VMs on vSAN datastore are experiencing performance issue and ESXi showed Memory/SSD/Component Congestion.
# vobd.log
YYYY-MM-DDThh:mm:ss.###Z cpu21:2099098)LSOM: LSOMThrowAsyncCongestionVOB:442: LSOM MemCong in ########-####-####-####-############ Congestion State: Exceeded. Congestion Threshold: 200 Current Congestion: 255.
YYYY-MM-DDThh:mm:ss.###Z cpu21:2099098)LSOM: LSOMThrowAsyncCongestionVOB:442: LSOM SSDCong in ########-####-####-####-############ Congestion State: Exceeded. Congestion Threshold: 200 Current Congestion: 255.
# vsish -e cat /vmkModules/lsom/disks/###/info
:::
memCongestion:243 ###<- !!!
slabCongestion:0
ssdCongestion:0
iopsCongestion:0
logCongestion:0
compCongestion:9 ###<- !!!
mdCongestion:0
:::
We could also see the high number of elements in commit tables.
# vsish -e ls /vmkModules/lsom/disks/ 2>/dev/null | while read d ; do echo -n ${d/\//} ; vsish -e get /vmkModules/lsom/disks/${d}WBQStats | grep "Number of elements in commit tables" ; done | grep -v ":0$"
########-####-####-####-############ Number of elements in commit tables:2161126 (>100k)
VMware vSAN 7.X
This issue is resolved in:
Workaround:
The impacted Disk-Groups commit-table entries (and thus also the Memory congestion) can be cleared by unmounting and mounting the impacted Disk-Group.

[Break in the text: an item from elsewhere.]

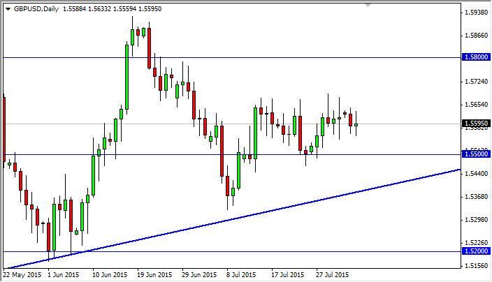 The GBP/USD pair went back and forth during the course of the day on Tuesday, essentially settling nothing. With that being the case, the markets look like they are going to continue to consolidate overall, with the 1.55 level being the bottom, and the 1.57 level above being the top. Ultimately, this market should have plenty of buying pressure underneath to push it higher, and with the Monetary Policy Committee Statement coming out during the session today that could be the catalyst to move the market higher. Regardless, we think the pullbacks offer buying opportunities as long as we can stay above the uptrend line.

If unmount and mount of the Disk-Groups via the vSphere UI or via CLI is not possible then rebooting the node with congested Disk-Group(s) will also automatically unmount and mount the Disk-Groups as part of node restart process, Maintenance Mode with Ensure Accessibility option may not be possible depending on the severity of the issue.